Abruptio placentae (ie, placental abruption) refers to separation of the normally located placenta after the 20th week of gestation and prior to birth. [1, 2, 3, 4]

The following factors are among those that increase the risk for placental abruption:

In a retrospective study (2003-2012) that reviewed 55,926 deliveries after 24 weeks' gestation, including 247 cases of PA (0.4%), French investigators reported that independent risk factors for placental abruption were preterm premature rupture of membranes, gestational hypertension, preeclampsia, and major multiparity. [7]  Only 9.7% of the affected women presented with the classic clinical triad of metrorrhagia, uterine hypertonia, and abdominopelvic pain. Moreover, maternofetal morbidity and perinatal mortality was high. [7]

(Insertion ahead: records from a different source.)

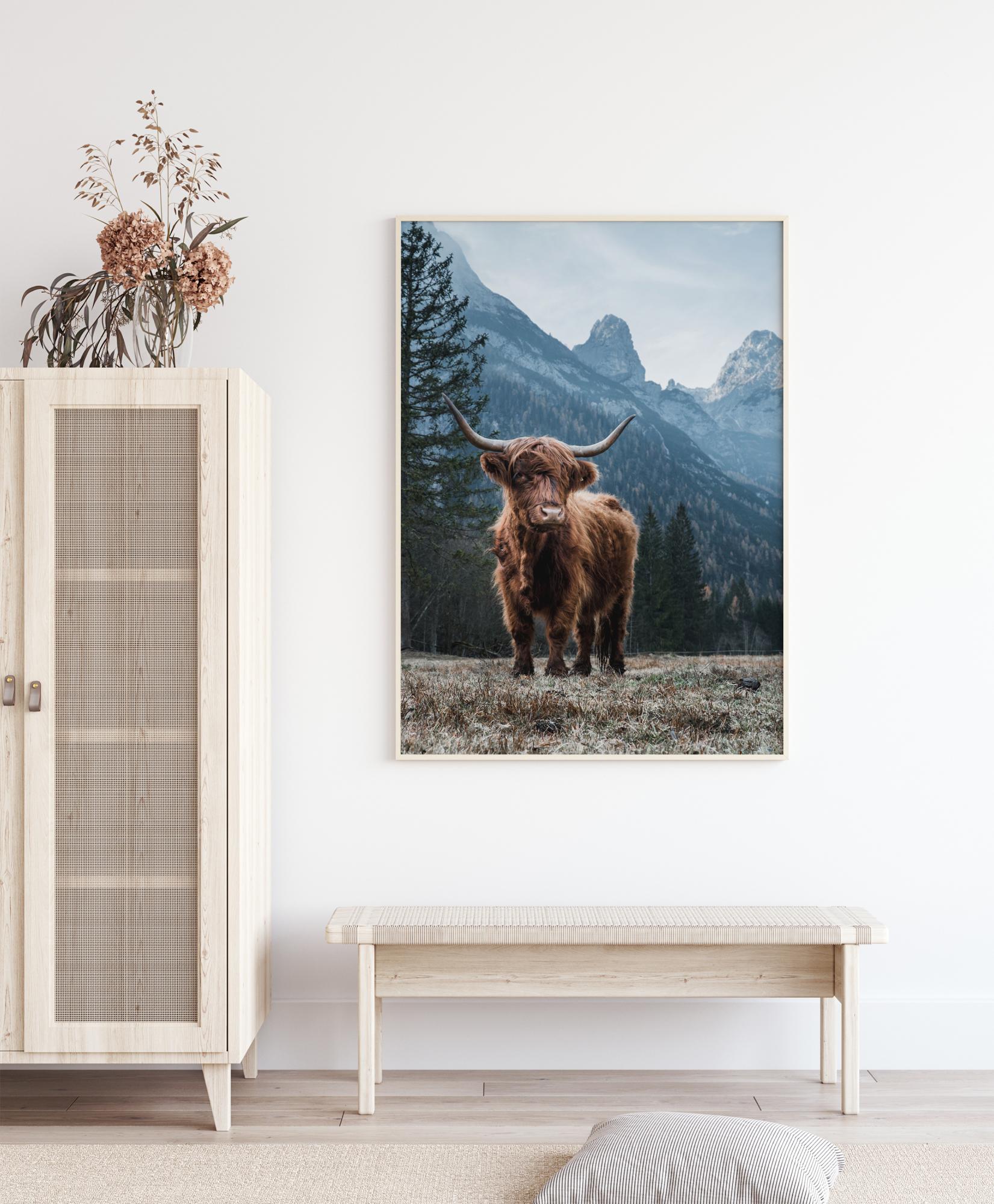 Affiche sauvage d'une vache écossaise rousse se tenant seule dans un champ. Les montagnes escarpées couvertes de neige entourent ce bel animal. Avec son pelage court et hirsute qui lui permet de résister à des conditions extrêmes, rien ne semble le gêner. Faites appel à votre imagination et voyagez au cœur des Highlands écossaises.
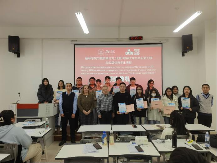 为表彰中外石油工程项目学习优异、表现突出的员工,为项目员工树立学习典范,2月25日,中外石油项目办在子洲楼328举行了2024-2025学年优秀员工颁奖典礼。俄罗斯北方(北极)联邦大学石油与天然气公司副经理亚历山大教授、油气钻井系主任柳德米拉教授、石油工程教研室主任白云云、中外石油项目办秘书李亚辉、国际交流处史曼菲以及中外石油2022级全体员工参加典礼,会议由白云云老师主持。
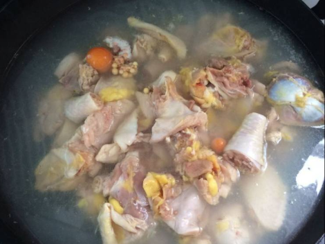 步骤三、锅中放入水,烧开,放入鸡肉焯一下水,去除血水。见下图:
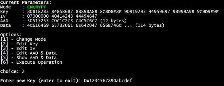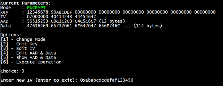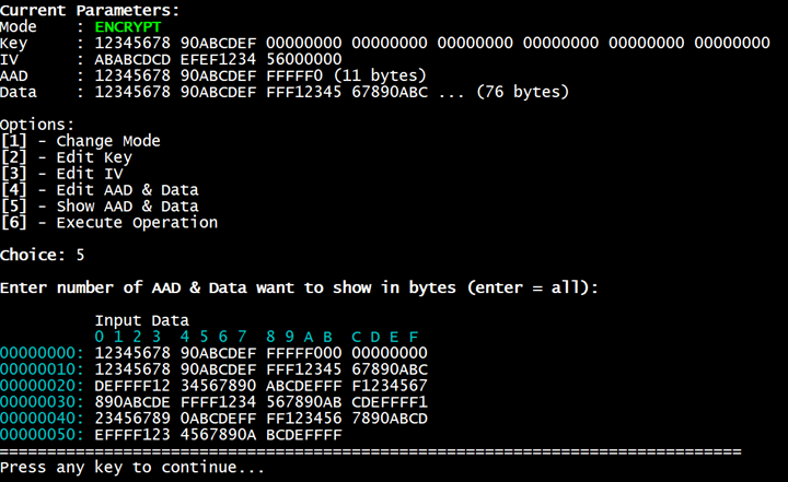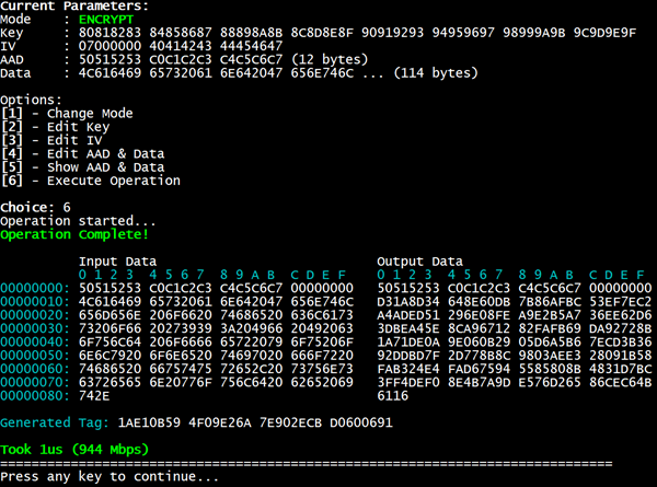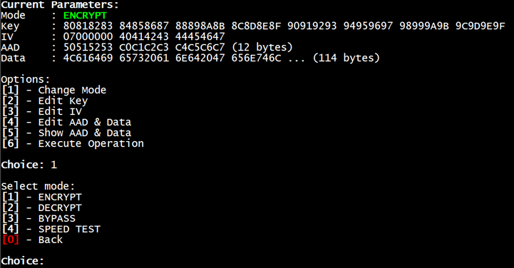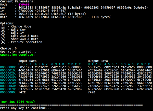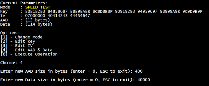 User can fill RAMs with AAD, IV, Input Data, and encryption/decryption key via serial console. The current parameters are shown together with the available options in the main menu as shown in Figure 3. The details of each menu are described in topic 4.
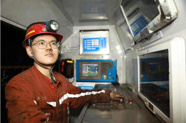 圖為員工在查看礦壓系統(tǒng)數(shù)據(jù)
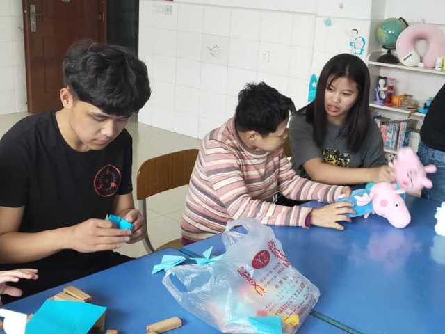 当天下午两点,志愿者们在理工三一楼大厅集合,共同前往福利院。到达福利院之后,志愿者们分工明确,部分志愿者为小童表演手偶,讲述生动有趣的故事,另一部分志愿者则大童折纸,一张张色彩鲜艳的纸张,在志愿者和小朋友的手中变换成许多好看又精致的小物件,在此次活动过程中,志愿者耐心地同小朋友玩乐,小朋友也因为志愿者的陪伴而露出了满足的笑容。
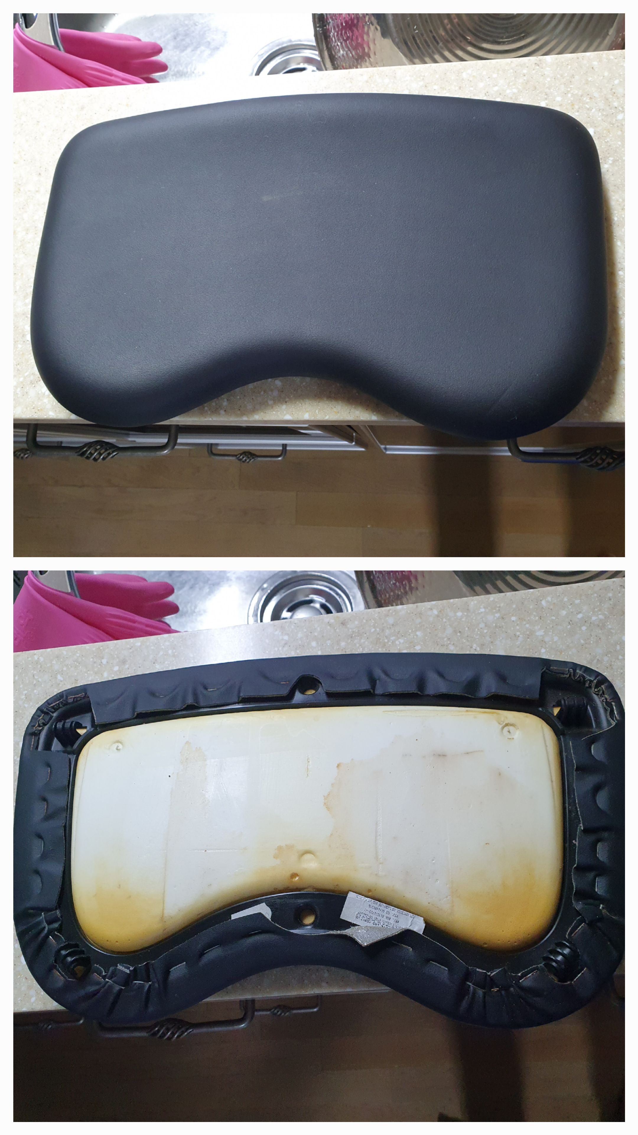 물로 닦으면, 시트 쿠션 스폰지가 물을 먹게 됩니다.
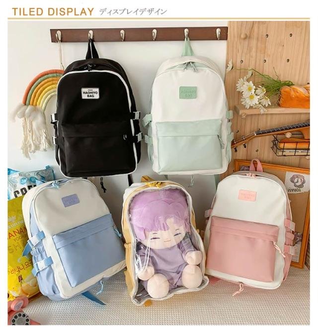 | 【透明バッグ付き】前の透明バッグが付いて、自分の好きな小物を入れることができる。好きな芸能人や、アニメの写真 、缶バッジ、ストラップ、ぬいぐるみ、キーホルダー などを入れるだけで、簡単に世界で1つたったのオリジナルバッグの完成です。 【多機能】取り外し可能な蓋が付いているため、普通のリュックとしても使用可能です。 【実用性を兼ね】このリュックは、見せる楽しさと実用性を兼ね備えたアイテムです。 【A4大容量 】 仕切りがあり、分割収納できます。A4雑誌、ipad、教科書、手帳、 ファイル、スマホ、傘、化粧品、財布、ノートパソコンなどを入れます。 【いろんなシーン】シンプルなデザインでデイリー使いはもちろん。ピクニック、散歩、通勤、 通学、旅行、修学旅行やお出かけなどに使いやす、いろいろな場合では大活躍です! | |
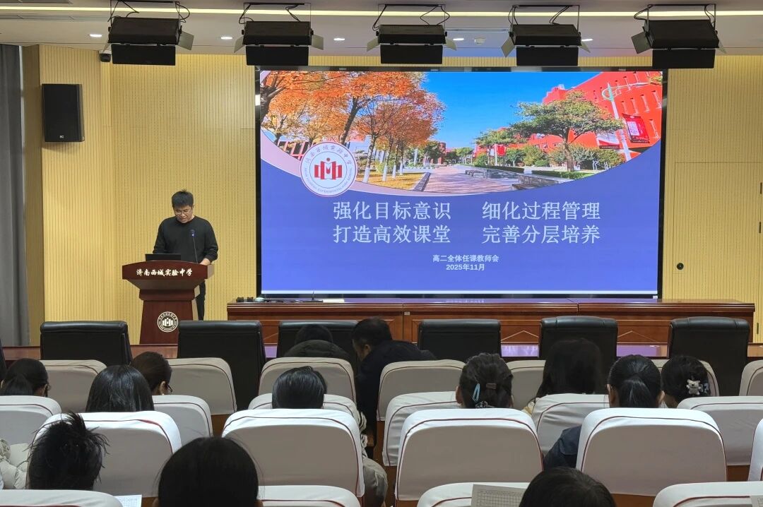 2025年11月20日,济南西城实验中学高二学部召开期中考试成绩分析会暨教育小组会议。会议围绕数据梳理、经验交流和教学策略展开,为下一阶段工作明确方向。校长郭福祥、副校长陈鑫及全体高二教师参加,学部副主任杜士帅主持会议。

Potential maternal complications include the following:

  • Hemorrhagic shock

  • Coagulopathy/disseminated intravascular coagulation (DIC) [8]

  • Uterine rupture

  • Renal failure

  • Ischemic necrosis of distal organs (eg, hepatic, adrenal, pituitary)

Potential fetal complications include the following:

  • Hypoxia

  • Anemia

  • Growth retardation

  • CNS anomalies

  • Fetal death

Also see Abruptio Placentae.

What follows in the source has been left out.